Enter the spot rate until a further future date and until a closer future date, and the number of years until further date and number of years until a closer future date to determine the forward rate.

## Forward Rate Formula

The following formula is used to calculate a forward rate.

FR = [(1+S1)^n1/(1+S2)^n2]^(1/(n1-n2)) – 1

- Where FR is the forward rate
- S1 is the spot rate until a further future date
- S2 is the spot rate until a closer future date
- N1 is the number of years until the further future date
- N2 is the number of years until the closing date

## Forward Rate Definition

A forward rate is defined as the relationship of the yield curve between two different bonds.

## Forward Rate Example

How to calculate a forward rate?

**First, determine the spot rates at the two different time periods.**For this example, we will say the spot rates are .10 for the shorter time and .15 for the longer time.

**Next, determine the two time periods.**We will say the time periods are 10 and 15 years respectively.

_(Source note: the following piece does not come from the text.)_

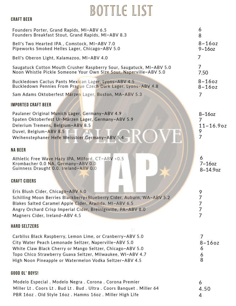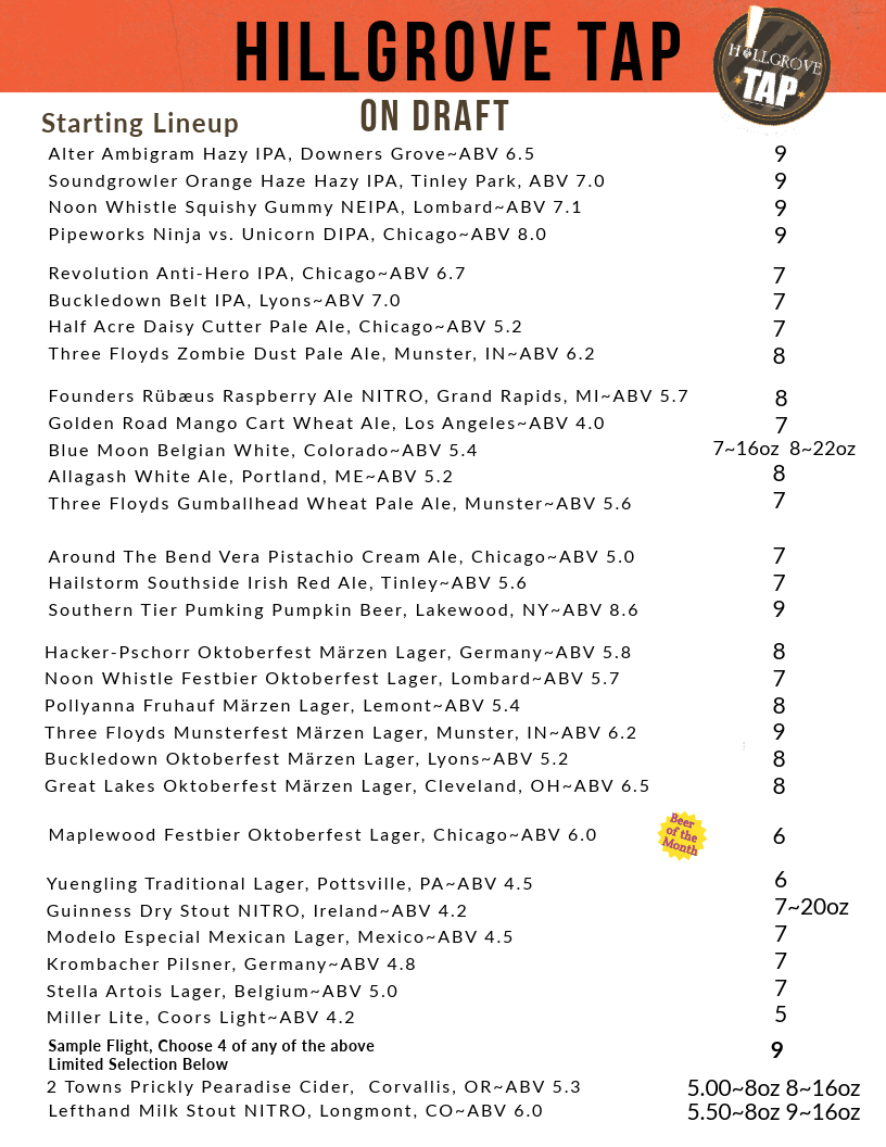 SAUSAGE PLATTER, FISH TACOS, HILLGROVE CHEESEBURGER, RUEBEN, PATTY MELT

**Finally, calculate the forward rate.**Using the formula we find the forward rate to be .257.

## FAQ

**What is a forward rate?**

A forward rate describes the yield curve of different bonds with different maturity periods. Forward rates are interest rates that are applicable to a transaction that will occur in the future and measure the adjusted cost to carry an investment when compared between two different time periods in the future.